How This Fits Into the Broader Test-Time Scaling Debate
The General AgentBench paper sits within a broader conversation about inference-time compute in 2026. OpenAI's o3 and o4 models, Anthropic's extended thinking, and Google's Gemini 3.0 Flash Thinking all demonstrate that additional compute at inference time can improve reasoning performance — for single-step reasoning tasks.
The key distinction the CMU paper draws is between reasoning models (where more thinking budget helps) and agentic systems (where more interaction turns often hurts). The failure modes are different:
- Reasoning models benefit from extended thinking because the thinking space is bounded and internally consistent
- Agentic systems accumulate external state (tool outputs, failed attempts, environmental responses) that can become contradictory or overwhelming
A paper from a separate group (arXiv:2506.12928, June 2026) confirms this distinction: test-time scaling for agentic coding specifically benefits from task decomposition and targeted retry rather than naive turn extension.
The consensus emerging from 2026 research: test-time compute scaling works, but the mechanism matters. Thinking harder on a single step works differently from trying again more times.
FAQ
Q: Does this mean I should never give agents more than 7 turns?
Not as a hard rule. The 3–7 range is a summary of the benchmark results, which used general-purpose LLMs on mixed-domain tasks. Specialized agents on narrowly scoped tasks (e.g., a coding agent working on unit test generation) can benefit from more turns if the context is well-structured. The point is to benchmark your specific use case rather than assuming more turns always helps.
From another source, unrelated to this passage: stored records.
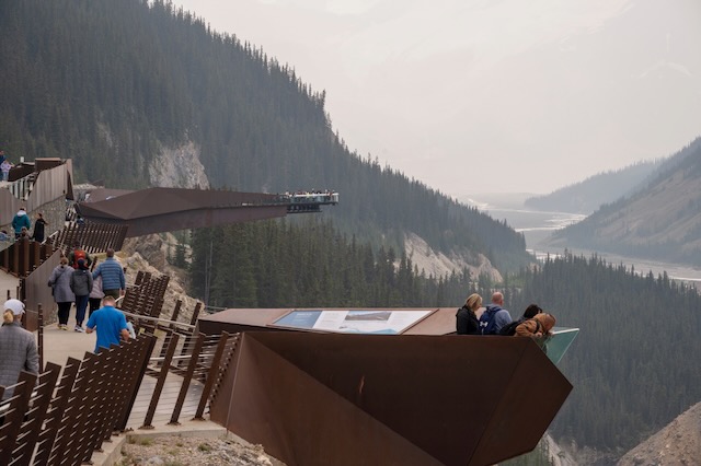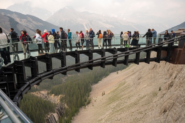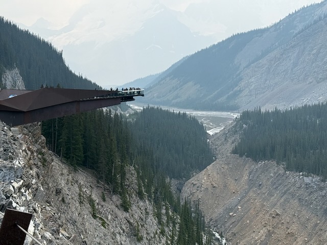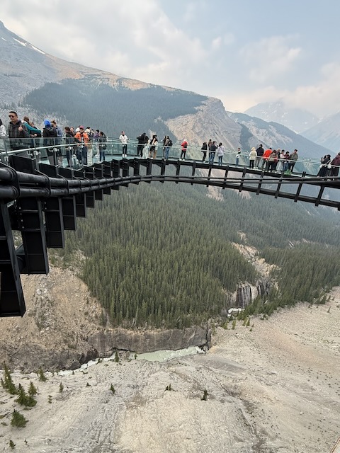 After walking and playing on the glacier we again boarded our Explorer vehicle and returned to the Transfer bay. From there, the shuttle bus took us to the glass-floored Columbia Icefield Skywalk, suspended 918 feet above the rugged and Sunwapta Valley. How do you feel about heights, standing on glass and looking straight down?
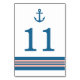 Elegant and classic Nautical Anchor Table Card with a simple boat anchor and an array of stripes in dark navy blue and coral. This nautical beach themed wedding table number card can be easily customised with your wedding details. For more customisation options, click on the Customise It button.
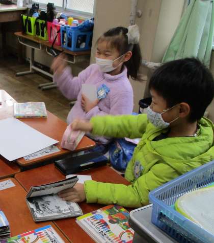 国語科「ものの名まえ」では,グループに分かれてお店を作り,お店屋さんごっこをしています。お菓子屋さんや,洋服屋さん,魚屋さんなど,実に様々な種類のお店が開かれそうです。看板や商品を作るに一生懸命な子どもたち。本番がとても楽しみです。
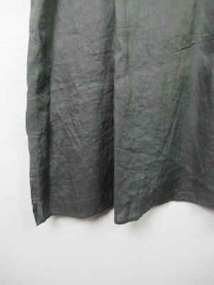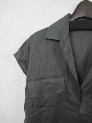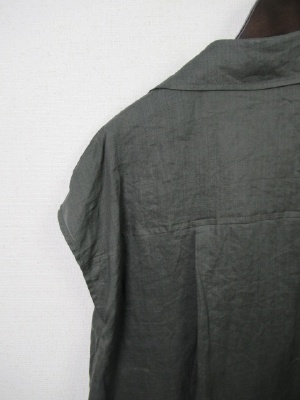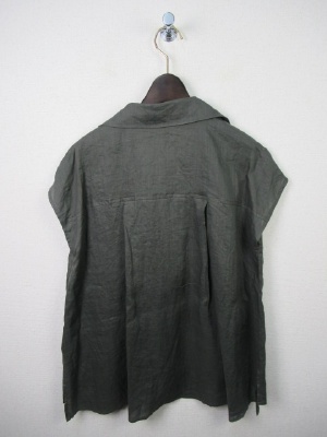 スキッパー襟の麻シャツブラス、手洗い可能、後ろ切り替えから下に2つタックデザイン
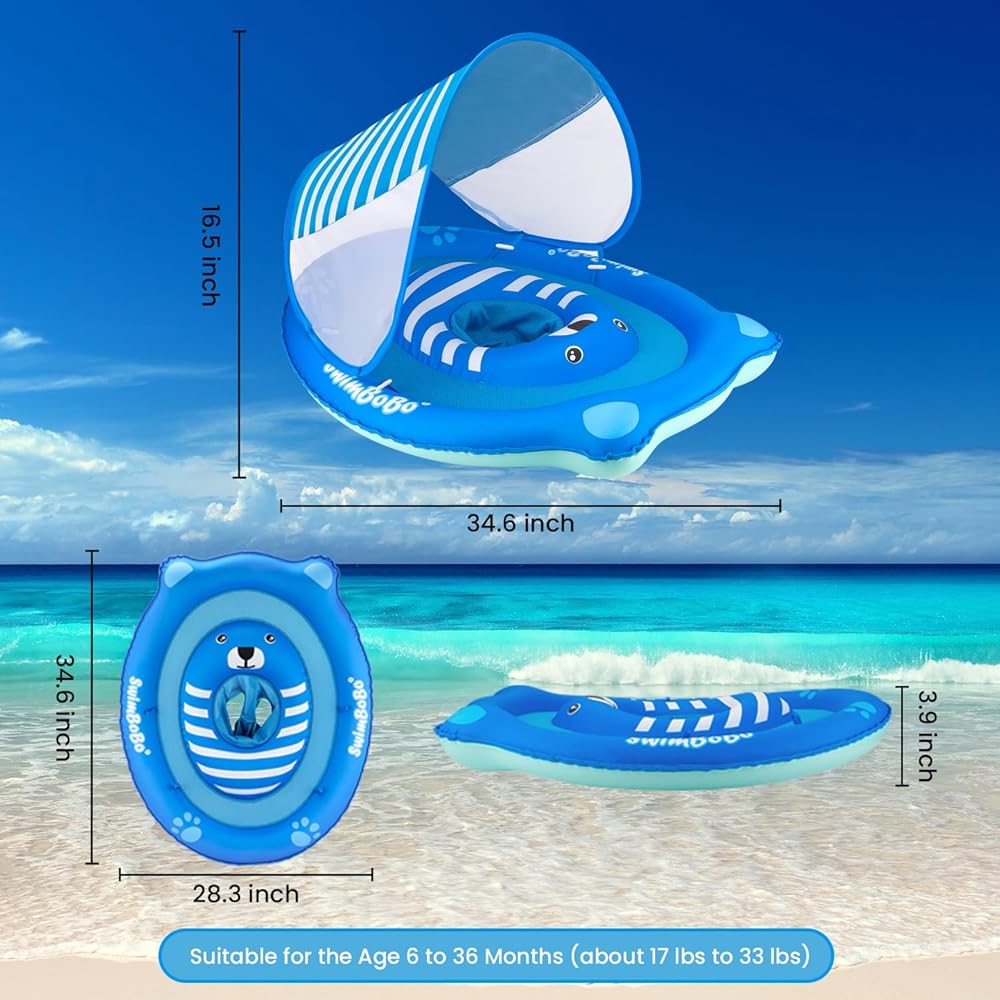 الدب الطفل الربيع تعويم مع المظلة، حمام سباحة الطفل يطفو مع المظلة، يطفو حمام السباحة للأطفال الصغار 1-3 مع مظلة الشمس UPF، عوامات السباحة الرضع مع مقعد أمان قابل للتعديل لا تقلب للأعمار من 6 إلى 36 شهرًا

Q: Which models held up best in the general evaluation?
The paper reports Claude showing the strongest robustness — the smallest performance gap between domain-specific benchmarks and the general evaluation. Most other models showed ~30% drops. The paper does not name every model, as evaluations were tied to API-accessible versions current at submission (Feb 2026).
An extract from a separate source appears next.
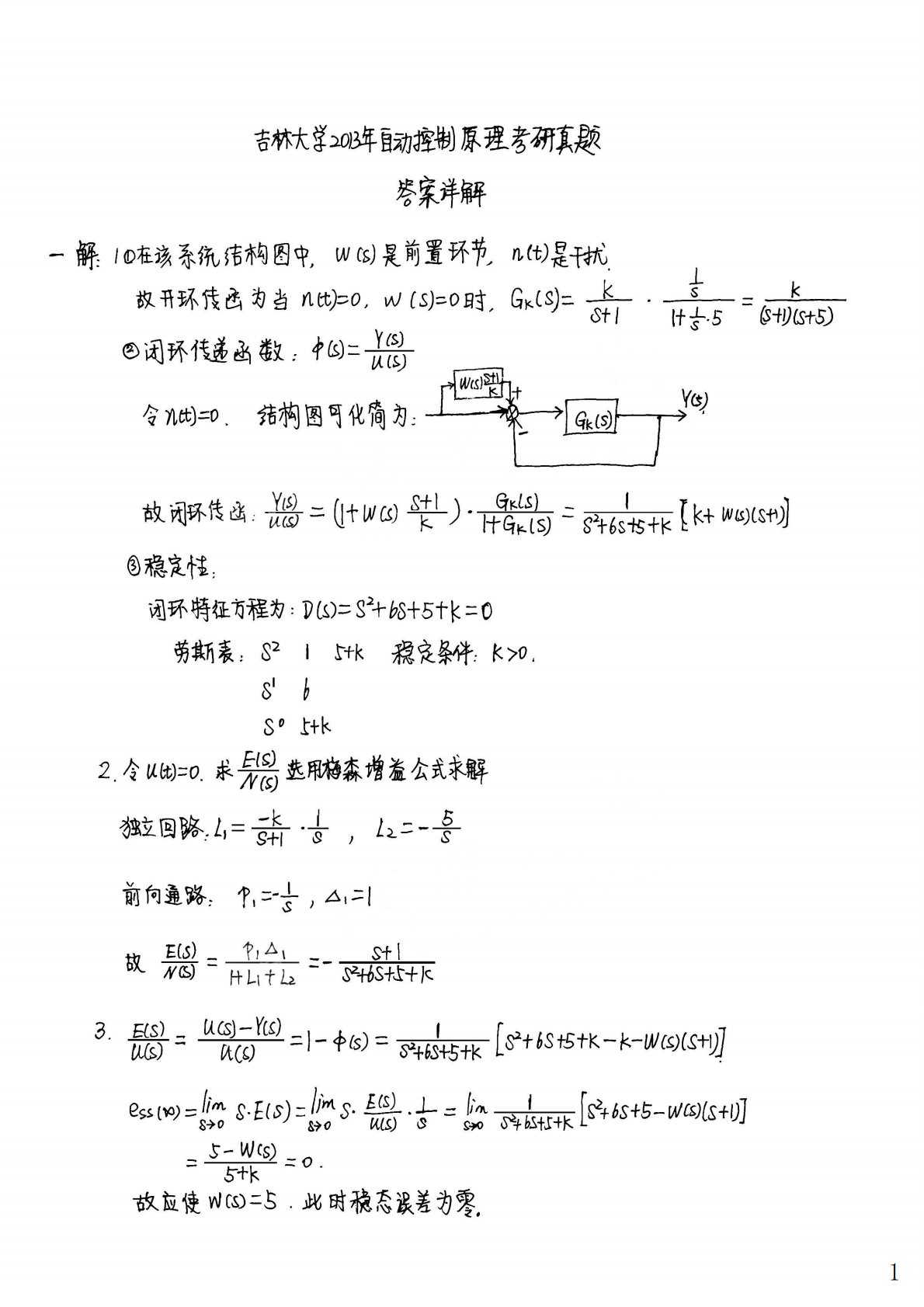 吉林大学901自动控制原理2013年真题答案

Q: Is there a better alternative to list-wise ranking for the verification gap?
Yes: external execution. For coding tasks, running the generated code against a real test suite is dramatically more reliable than model-based selection. For search and tool-use tasks, running the proposed action in a sandboxed environment before committing is the equivalent. The paper's list-wise ranking is the best option when external verification is not available — not instead of it.
Q: How does this relate to speculative decoding and inference optimization?
Speculative decoding (e.g., Snowflake's Arctic Inference, which shows 1.6–1.8x speedup) addresses token generation latency within a single step. It does not affect multi-turn agent behavior. The context ceiling is a semantic problem (accumulated context quality), not a latency problem. These are orthogonal optimizations.
Q: Where can I read the full paper?
The paper is at arXiv:2602.18998. The benchmark code is at github.com/cxcscmu/General-AgentBench.
Key Takeaways
The CMU General AgentBench study delivers three findings that should directly influence how you design and evaluate agentic AI systems in 2026:
Sequential scaling has a ceiling: agent performance peaks between 3 and 7 turns on general tasks; beyond that, accumulated context pollution degrades results. Set explicit turn budgets.
Parallel scaling needs a verifier: sampling more trajectories raises the theoretical upper bound, but model self-selection cannot close the verification gap. Build external verifiers for code, tool use, and search tasks.
Domain-specific scores don't generalize: a strong SWE-bench or GAIA score does not predict cross-domain agent robustness. Evaluate on task distributions that match your production use case.
Bottom Line
The "just let it retry" approach to agentic AI has measurable limits. Context ceiling and verification gap are not edge cases — they are systematic properties of current LLM architectures under multi-turn workloads. Developers building production agent systems should treat turn budgets, context pruning, and external verification as first-class design decisions, not afterthoughts.